3. Third, it seems that we should not assume from the beginning that cognitive changes are irreversible and that appear inevitably linked to aging.

There seems to be a clear relationship between maintaining high levels of intellectual function, on the one hand, and those lifestyles that involve certain levels of stimulation and, above all, the continuation of formal and informal forms of education, on the other.

These are more than causal, reciprocal relationships: people who maintain their cognitive abilities will tend more to develop educational activities than those who do not maintain them and, reciprocally, this type of educational experiences can contribute to maintaining a relatively stable level of functioning. intellectual.

On the other hand, in recent years there is a growing interest in the study of plasticity and how cognitive training methods can maintain or even improve cognitive abilities; Thus, several studies have been done to analyze to what extent the intellectual functioning of the elderly can be improved and intervention programs have been developed for this purpose.

Memory and normal aging

Until now, we have referred to general cognitive changes associated with the aging process. Among these changes, however, those that frequently generate a greater number of complaints and daily problems among the elderly are those related to the loss of their memory.

This has meant that in recent years an increasing number of investigations and publications have been developed that deal, from different perspectives, with the relationship between aging and the functioning of memory processes.

In these investigations, the normal and the pathological are usually understood as two extremes of a continuum in which it is difficult to establish a dividing line.

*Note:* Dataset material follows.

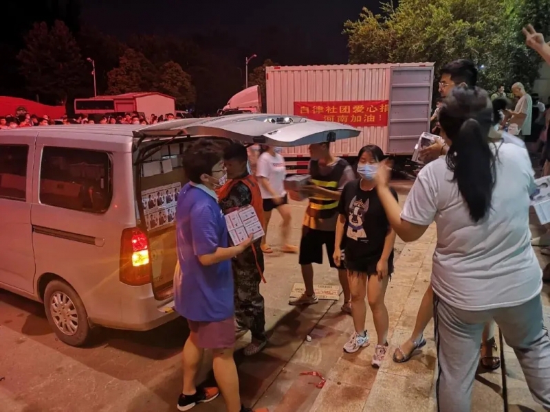 7月24日凌晨,河南財經(jīng)政法大學(xué)接到受災(zāi)地區(qū)物資求助信息,第一時間在家屬區(qū)開展愛心募捐活動,廣大教職工積極響應(yīng),經(jīng)過一天的募捐,共收集到4000余件衣物、280余雙鞋子、200箱牛奶及充電寶等物資,由志愿者對其進(jìn)行分類、打包、裝車,緊急發(fā)往新鄉(xiāng)、扶溝等災(zāi)區(qū)。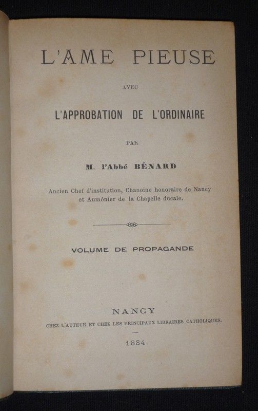 In-12 (12 x 17,8 cm), reliure demi-chagrin, plats de percaline chagrinée, dos à 4 nerfs orné de liserés et caissons dorés, gardes couleur, VI-441 pages ; dos décoloré, intérieur bruni, bon état général.

We could say that decanted towards one of the extremes of this continuum would be dementia-related disorders and, in particular, with Alzheimer disease, while on the opposite side would be the normal changes linked to the aging process. The latter would be non-pathological changes that the elderly would experience and that would be part of the set of normal changes that may appear at this stage of life.

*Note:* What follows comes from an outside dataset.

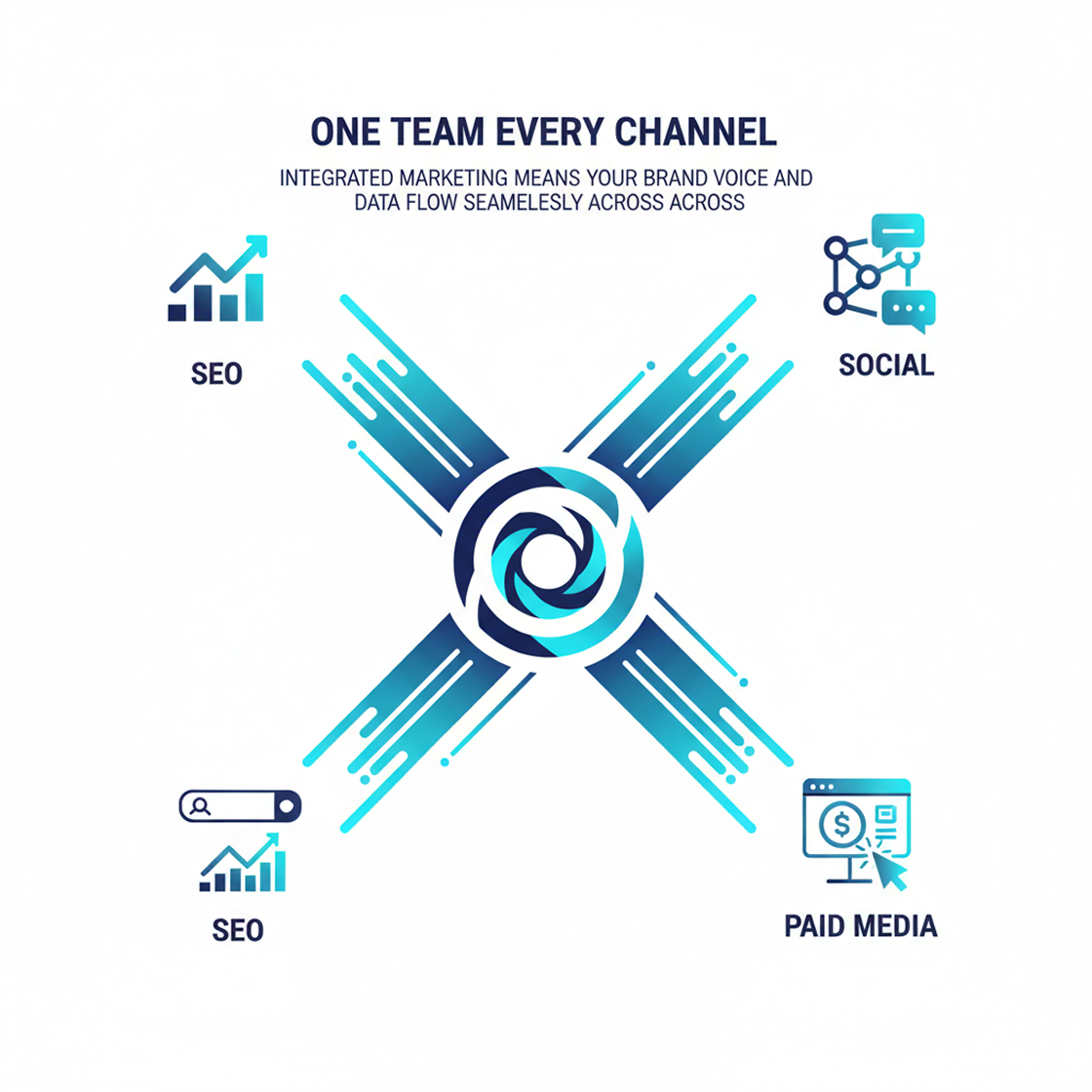 Integrated marketing means your brand voice and data flow seamlessly across SEO, Social, and Paid media.

At the end of the fifties, Kral, a Canadian doctor, described what he called beningn senescent forgetfulness (forgetful senile benign) to observe the memory changes experienced by the elderly of a Montreal residence.

Kral characterized this syndrome as the difficulty in remembering names or dates referred to the past and that previously recovered without difficulty. He considered that it was a non-progressive disorder and that it was clearly distinguished from "malignant" forgetfulness (dementia) by its low mortality rate after a six-year follow-up of the elderly who presented it.

Since then, a large number of investigations carried out in the following decades have been confirming that, indeed, a decline in memory may appear in healthy elderly people during the last decades of their life.

Now, just like not all cognitive functions evolve in the same way during old age, nor do all memory systems experience the same changes.

Various researches carried out both in the laboratory and in everyday contexts have tried to analyze how different memory systems and subsystems evolve during the last decades of life.

Changes in cognitive functions do not follow a uniform pattern: neither occur in the same way in all subjects, nor in the same subject in all functions.


Cognitive changes that occur during old age should not be considered, from the beginning, irreversible.

Memory can manifest a series of changes during old age that would be part of the normal aging process.

In addition, it has been shown that the elderly only show difficulties in retention when it comes to visual stimuli.

The most important problems appear when they must retain the information while handling it.